** The data follows **
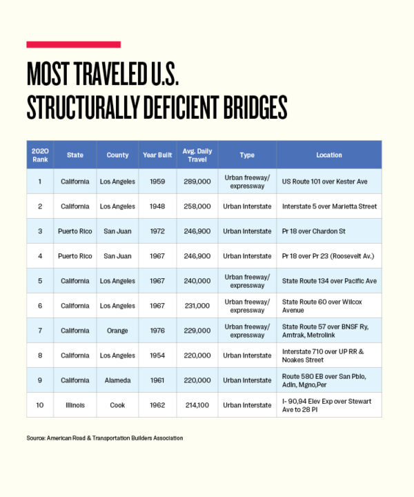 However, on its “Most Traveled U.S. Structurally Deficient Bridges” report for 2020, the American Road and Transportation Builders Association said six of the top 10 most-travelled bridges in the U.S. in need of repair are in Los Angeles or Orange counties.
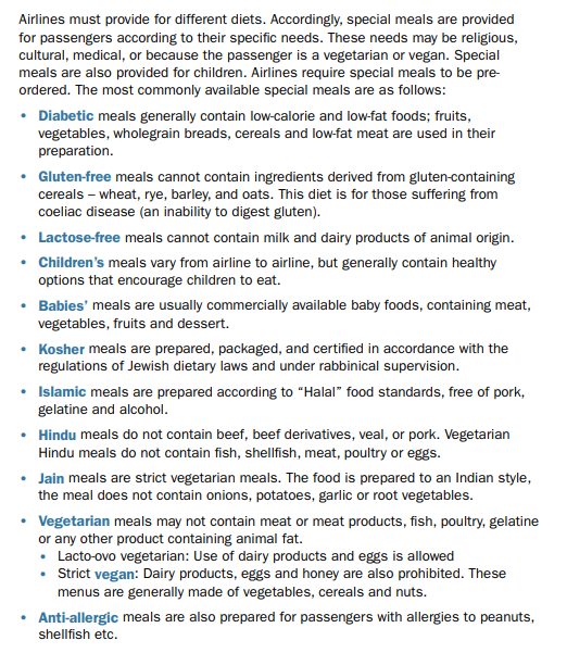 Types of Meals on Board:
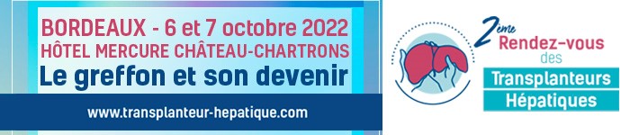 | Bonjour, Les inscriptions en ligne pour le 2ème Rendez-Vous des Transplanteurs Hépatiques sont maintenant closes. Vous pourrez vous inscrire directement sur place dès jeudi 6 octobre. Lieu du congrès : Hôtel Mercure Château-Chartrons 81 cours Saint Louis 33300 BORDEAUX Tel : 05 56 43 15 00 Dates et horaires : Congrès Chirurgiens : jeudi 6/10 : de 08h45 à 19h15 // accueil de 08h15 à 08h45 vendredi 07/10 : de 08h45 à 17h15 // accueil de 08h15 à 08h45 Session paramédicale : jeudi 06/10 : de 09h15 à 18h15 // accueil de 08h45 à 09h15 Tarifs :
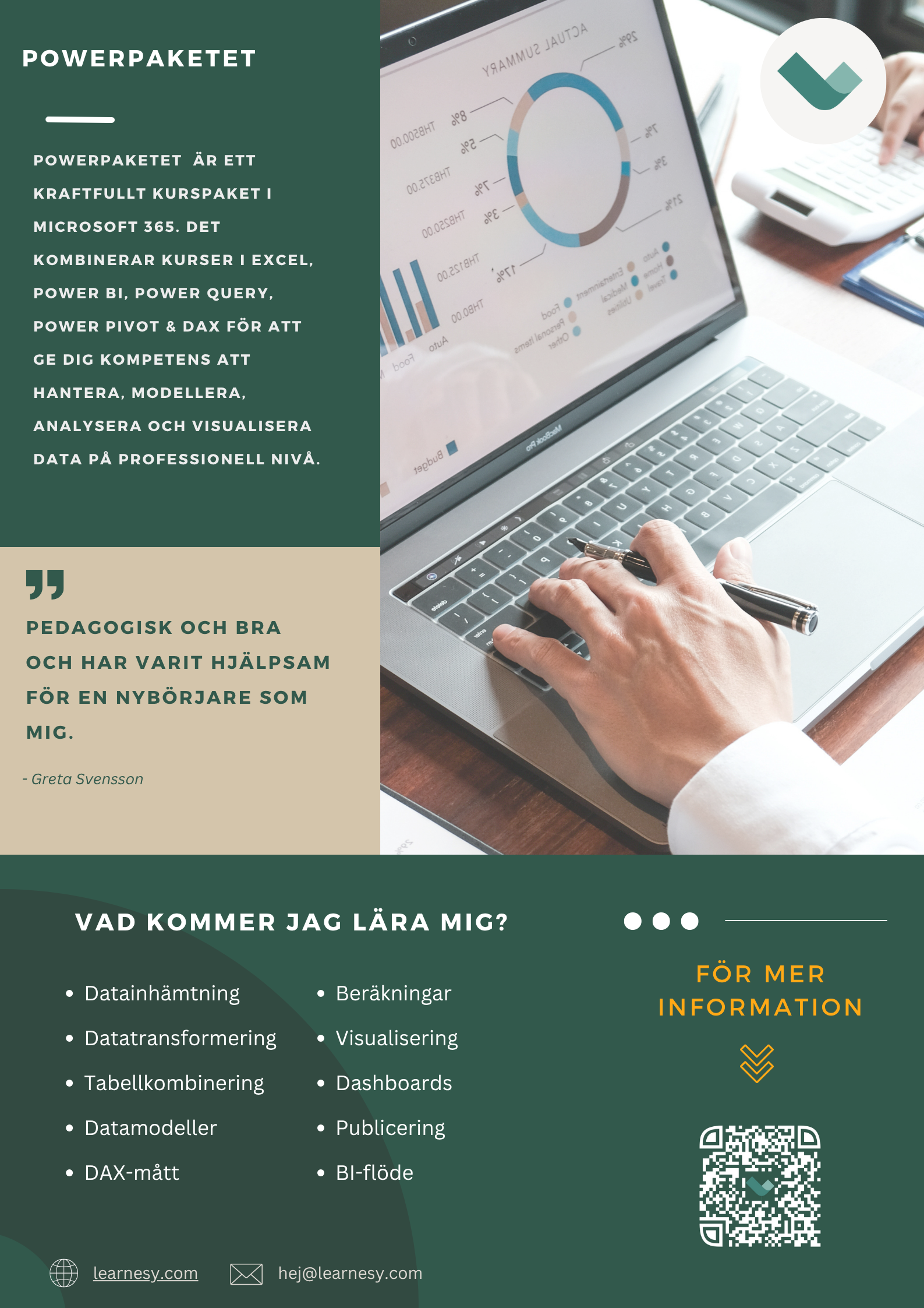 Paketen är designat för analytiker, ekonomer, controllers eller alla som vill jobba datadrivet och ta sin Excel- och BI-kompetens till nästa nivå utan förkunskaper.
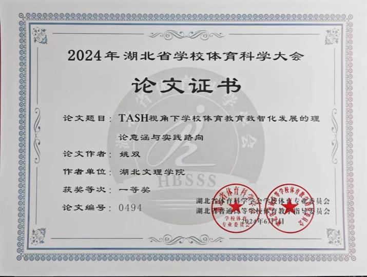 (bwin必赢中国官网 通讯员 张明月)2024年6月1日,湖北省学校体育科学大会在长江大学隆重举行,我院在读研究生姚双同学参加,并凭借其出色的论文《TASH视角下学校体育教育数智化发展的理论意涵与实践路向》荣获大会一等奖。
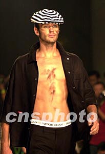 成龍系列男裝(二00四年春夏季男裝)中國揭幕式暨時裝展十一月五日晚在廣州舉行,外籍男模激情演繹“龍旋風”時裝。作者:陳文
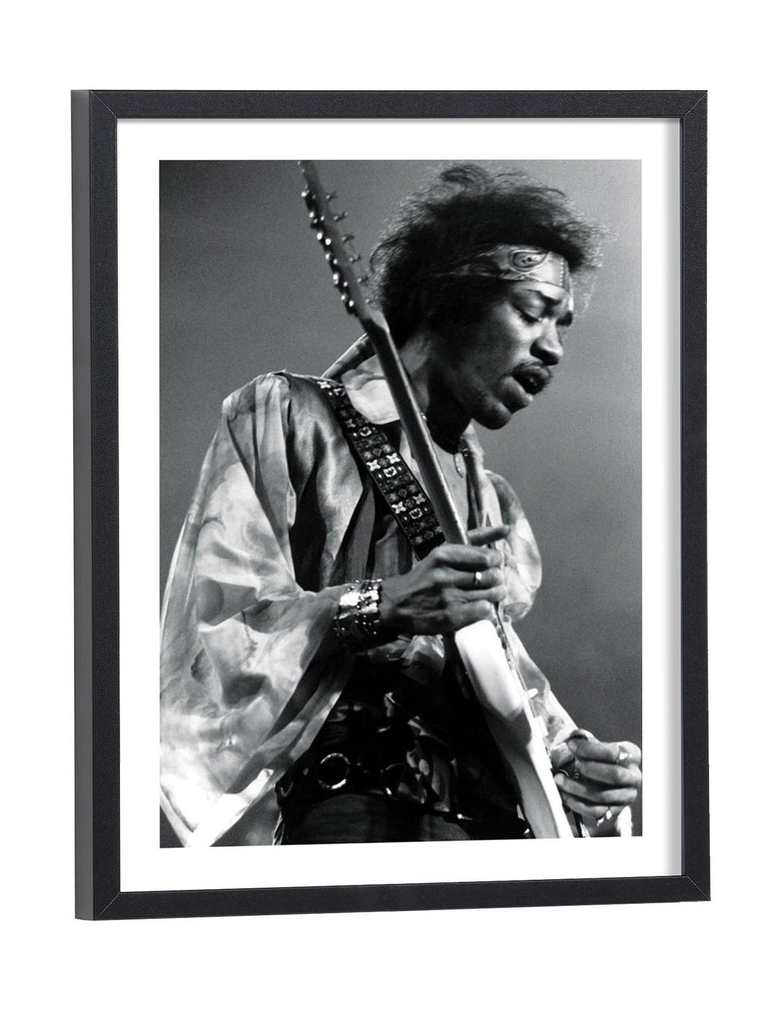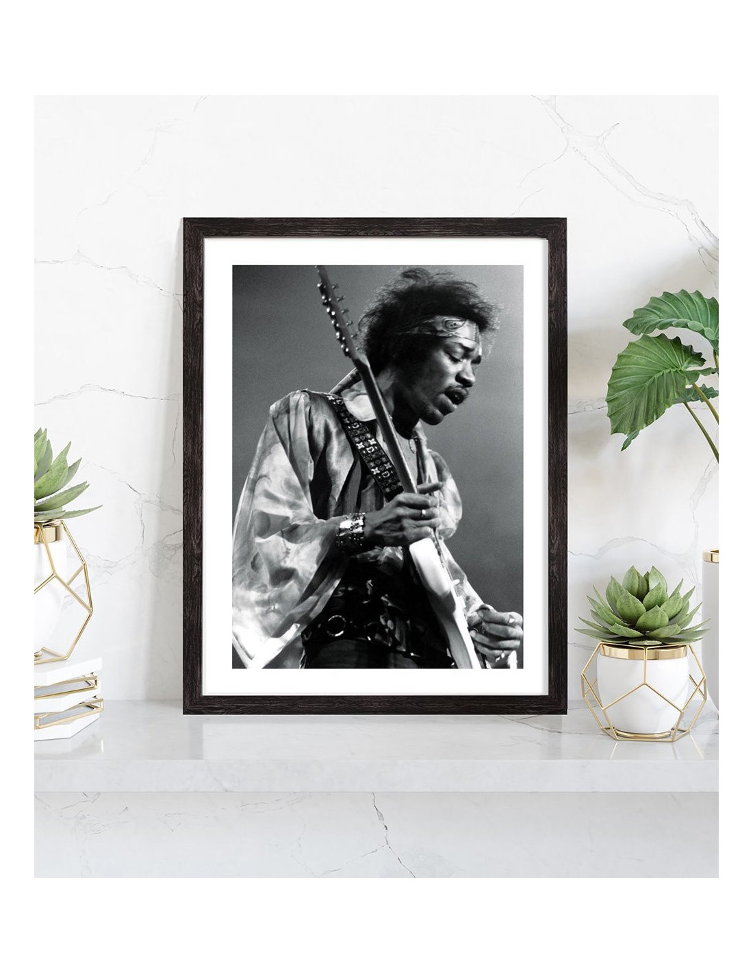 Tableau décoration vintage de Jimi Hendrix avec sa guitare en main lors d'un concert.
** End of The data **
» Task details
Leaving out every picture, repeat exactly the lines of the records from the start through the line that has "Types of Meals".

» Answer to this problem
 However, on its “Most Traveled U.S. Structurally Deficient Bridges” report for 2020, the American Road and Transportation Builders Association said six of the top 10 most-travelled bridges in the U.S. in need of repair are in Los Angeles or Orange counties.
 Types of Meals on Board:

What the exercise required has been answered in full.